* **ASSIGNMENT**: Your answer must be the exact lines below, starting with the line with "Codul galben intră" and going on through the line with "Osmangazi Belediyesi, 29", both included, with no pictures.

▬▬▬▬▬▬▬▬▬▬

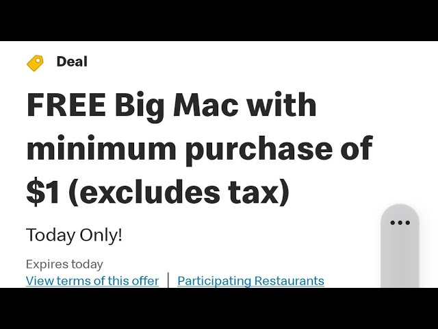 McDonald's give out free big mac with the purchase of something for a dollar. This was a good deal but it has pasted. I still believe you should get the app. I am always getting my one dollar large fries everyday. This is a good app if you are McDonald's lovers. I always using the deals to save money.
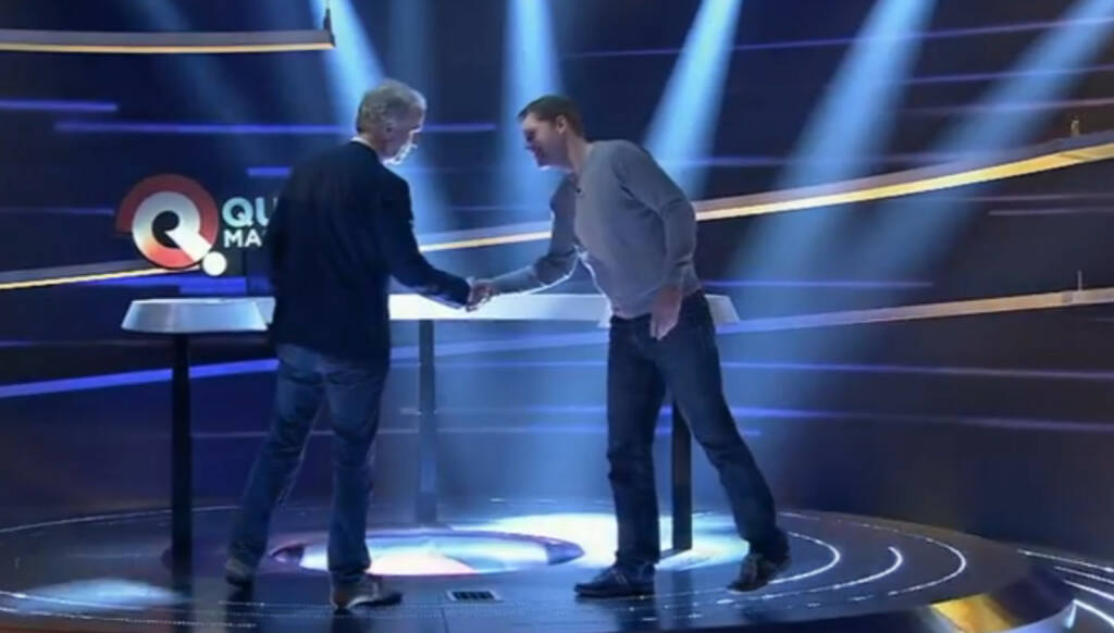 In aller Kürze: Vergangenen Donnerstag war ich bei Servus TV in der Quizmaster-Show zu Gast. Es war eine lässige Sache, auch wenn ich am Finaltisch gegen den Champ Lukas chancenlos war. Da hat der Bessere und Schnellere (eben Lukas) gewonnen. "Danach oben" (auf dem Finaltisch) ist es dabei sogar leichter als "davor unten"(auf dem Vierertisch der Herausforderer), da ist man fast chancenlos gegen gscheite Champs (wie Lukas), die immer Antwort-Vorrecht haben sowie auch gegen schnell drückende Mitspieler, denn nur der Schnellste kommt überhaupt zu Wort. Da braucht man Glück. Und das hatte ich. "Oben" braucht man Wissen und da hatte Lukas mehr davon. Ähnlich schwer wie die Vorrunde ist auch der Spiralweg nach oben, da muss man aufpassen, dass es einen nicht aufhaut.
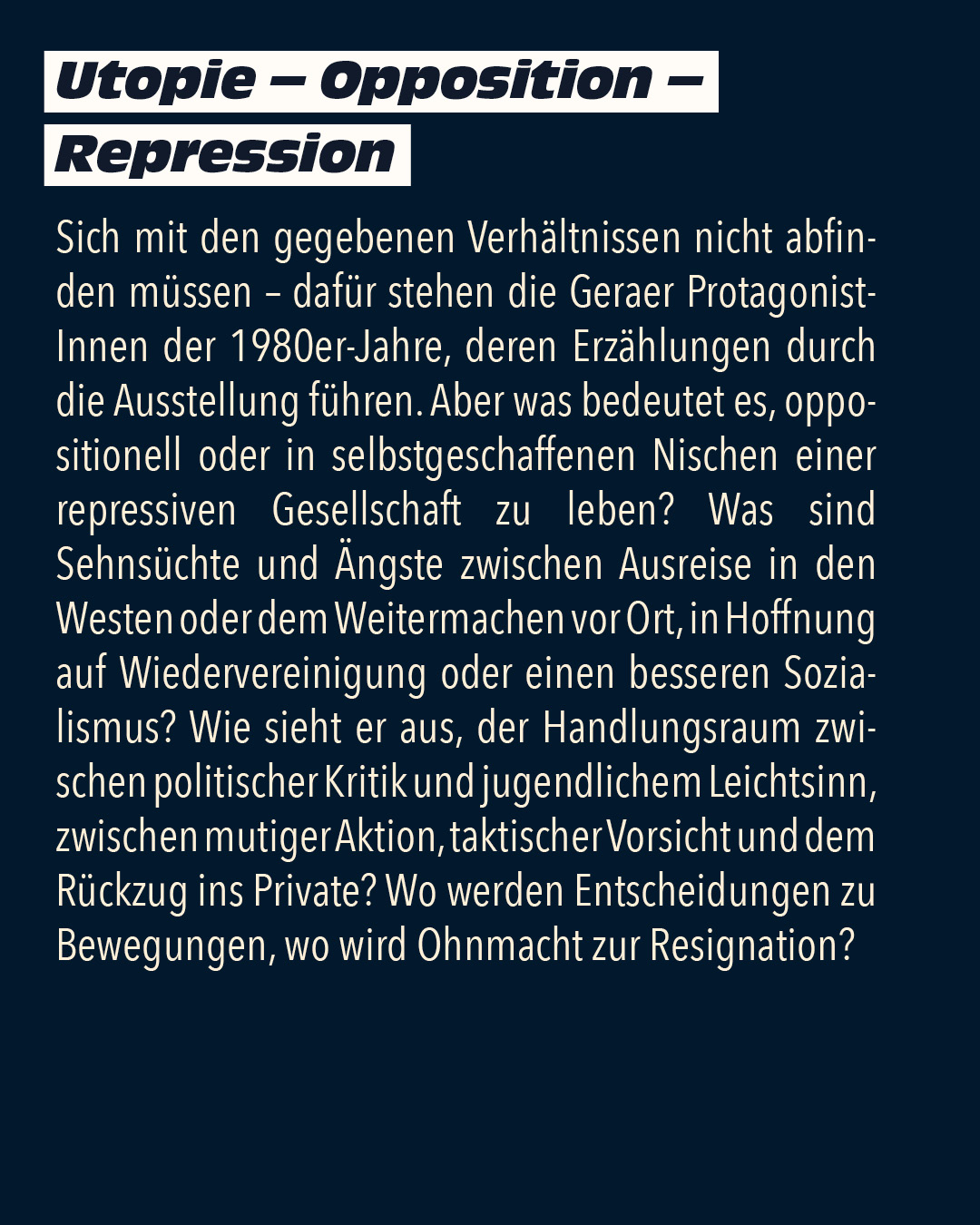 Sich mit den gegebenen Verhältnissen nicht abfinden müssen – dafür stehen die Geraer ProtagonistInnen der 1980er-Jahre, deren Erzählungen durch die Ausstellung führen. Aber was bedeutet es, oppositionell oder in selbstgeschaffenen Nischen einer repressiven Gesellschaft zu leben? Welche Sehnsüchte und Ängste bestimmen den inneren Konflikt zwischen Ausreise in den Westen und dem Weitermachen vor Ort, zwischen Hoffnung auf Wiedervereinigung und einen besseren Sozialismus? Wie sieht er aus, der Handlungsraum zwischen politischer Kritik und jugendlichem Leichtsinn, zwischen mutiger Aktion, taktischer Vorsicht und dem Rückzug ins Private? Wo werden Entscheidungen zu Bewegungen, wo wird Ohnmacht zur Resignation?
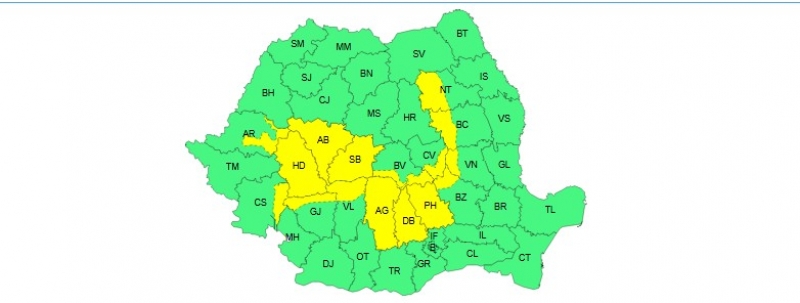 Codul galben intră în vigoare la ora 12:00 și expiră diseară, la ora 22:00.
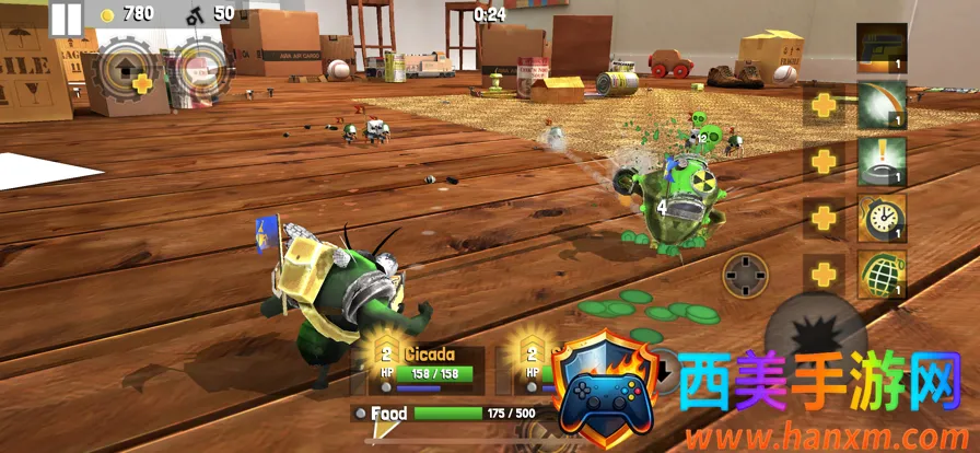 进入游戏选好模式和英雄就开干。战斗中,左边屏幕控制英雄移动,右边转动视角,英雄遇敌自动攻击。击败敌人得经验升级,获点数解锁技能。点击基地附近装置上方按钮,消耗零件强化或解锁防御装置。记得收集食物和零件建设基地,击退敌人保护它。摧毁对方基地就能赢。这游戏操作简单易上手,不管新手还是老玩家,都能在这充满策略的虫虫世界里,体验到独特的战斗乐趣,快来试试吧!
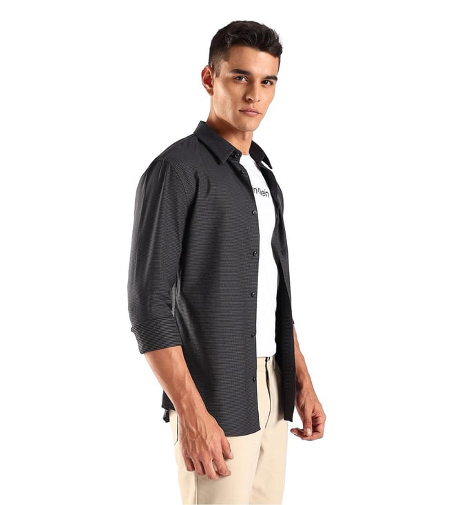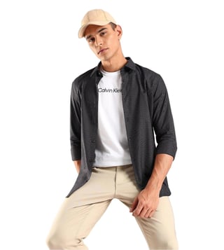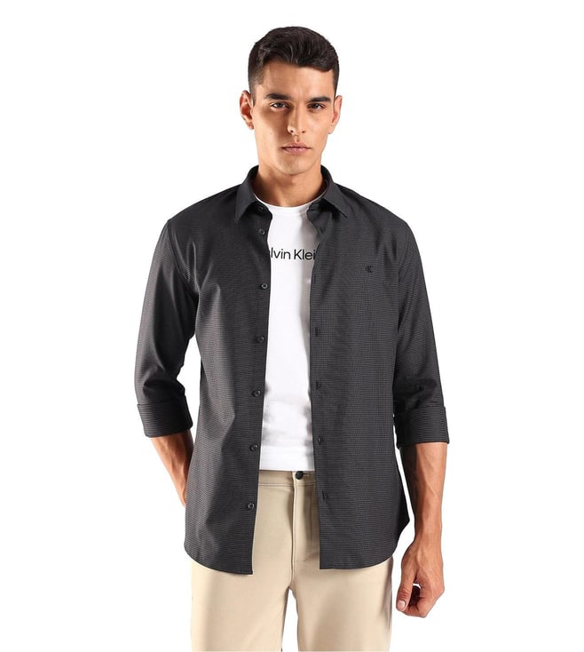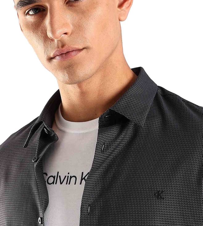 CALVIN KLEIN JEANS Black Cotton Slim Fit Printed Shirt
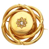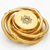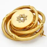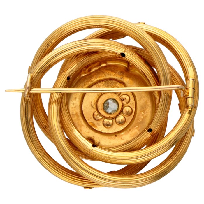 Geelgouden broche bezet met een roos geslepen diamant en 8 zaadparels. De diamant is gezet in een open zetting. De broche is voorzien van een getorste bewerking.
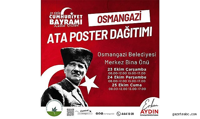 Osmangazi Belediyesi, 29 Ekim Cumhuriyet Bayramı dolayısıyla vatandaşlara Ata Posteri dağıtacak.
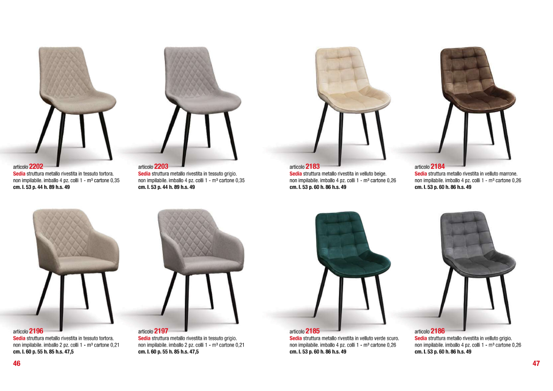 • Articolo 2202: struttura metallo rivestita in tessuto tortora. L.53 * P.44 * H.89 * H seduta 49 cm (Min. 4 pezzi);
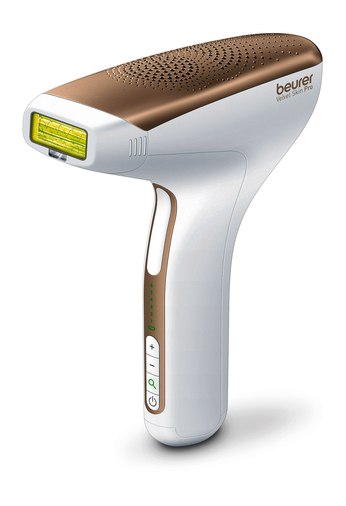 Ein automatischer Energiestufenvorschlag empfiehlt, welche der sechs Stufen verwendet werden soll. Die Lichtfläche beträgt 4,5 cm², ein Präzisionsaufsatz für Gesicht und Bikinizone wird mitgeliefert. Der Epilierer ist mit einem 2-in-1 Hauttypen- und Hautkontaktsensor ausgestattet.

▬▬▬▬▬▬▬▬▬▬

* **TASK ANSWER**:
 Codul galben intră în vigoare la ora 12:00 și expiră diseară, la ora 22:00.
 进入游戏选好模式和英雄就开干。战斗中,左边屏幕控制英雄移动,右边转动视角,英雄遇敌自动攻击。击败敌人得经验升级,获点数解锁技能。点击基地附近装置上方按钮,消耗零件强化或解锁防御装置。记得收集食物和零件建设基地,击退敌人保护它。摧毁对方基地就能赢。这游戏操作简单易上手,不管新手还是老玩家,都能在这充满策略的虫虫世界里,体验到独特的战斗乐趣,快来试试吧!
 CALVIN KLEIN JEANS Black Cotton Slim Fit Printed Shirt
 Geelgouden broche bezet met een roos geslepen diamant en 8 zaadparels. De diamant is gezet in een open zetting. De broche is voorzien van een getorste bewerking.
 Osmangazi Belediyesi, 29 Ekim Cumhuriyet Bayramı dolayısıyla vatandaşlara Ata Posteri dağıtacak.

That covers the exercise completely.